Other big cash markets were Montecito, with 57.2% of sales, and Beverly Hills, with 45.6%.

“All-cash buyers are becoming the optimum buyer,” said agent Ian Brooks of Rodeo Realty, Beverly Hills. “I just closed three deals in a row that were all cash.”

Among the properties was a $1.73-million condo at the Azzurra in Marina del Rey, a 19-story building known for its collection of paintings, sculptures and photographs by artists including Andy Warhol, Ed Ruscha and Roy Lichtenstein that adorn the lobby and other public areas.

Brooks says most of his clients who pay cash are investors looking for a fast close.

“We call it land banking,” he said, “because buyers are literally taking these condos and homes and they are betting prices will go up.”

But all-cash purchases aren’t a cause for excitement in every luxury community in Southern California. Montecito is one such market where cash is old news.

“It doesn’t sell any popcorn here,” said Harry Kolb, a Sotheby’s agent with 32 years of experience in the wealthy Santa Barbara community. “We’re pretty jaded. Over-$5-million sales are, for the most part, cash.”

One reason for the high percentage of cash sales is that luxury properties are hard to value, making it harder to get a loan.

“Our market is very subjective,” Kolb said. “We’ll have a 3,000-square-foot house that sells for more than a 5,000-square-foot house. Appraisers don’t know how to handle that.”

Another factor contributing to the high percentage of all-cash deals in luxury markets is the prospect of being turned down for a loan because the qualification process has gotten much more difficult for jumbo loans, Kolb said. In areas with high housing costs, including Los Angeles and Orange counties, a jumbo loan is a mortgage of more than $729,750.

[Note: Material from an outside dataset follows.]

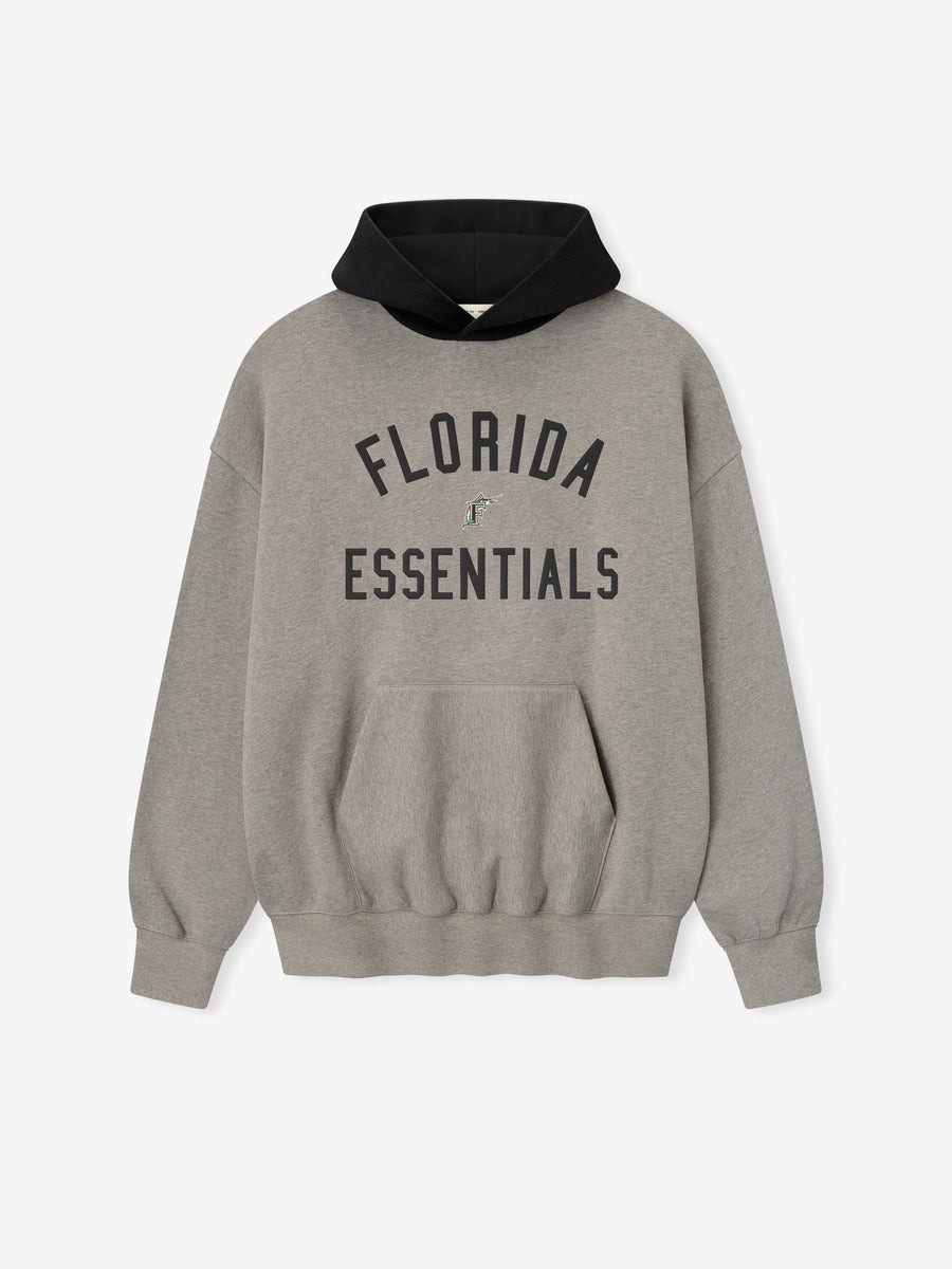 The Marlins Sport Hoodie is crafted from core fleece, offering an elevated balance of softness, structure, and lasting comfort. Cut in a relaxed sport fit, it drapes with more ease through the body and extended length compared to the Essentials classic silhouette. The front features a bold puffer-print graphic reading "Florida Essentials" alongside the official MLB insignia, while the back is finished with the authentic Marlins logo. Additional features include a contrasting hood, kangaroo pocket, rib-knit at the cuffs and waist hem. The signature rubberized Fear of God Essentials label accents the hood. DETAILS - 80% COTTON / 20%POLYESTER FLEECE - ESSENTIALS SPORT FIT: RELAXED, CROPPED - FLORIDA ESSENTIALS + MARLINS LOGO - MARLINS LOGO - KANGAROO POCKET - ELASTIC BINDING AT CUFF AND WAIST HEM - IMPORTED

“Very substantial financial people have not been able to get loans,” he said. “It’s the first time they’ve ever been refused for anything.”

While investors are counting on home prices to rise, they should also be prepared for a long wait, USC’s Painter cautioned.

“My sense is that we are in a flat period,” he said. “I expect we’ll be there for another 12 months as the inventory gets pushed out in the foreclosures that banks are holding and as they dispose of them.”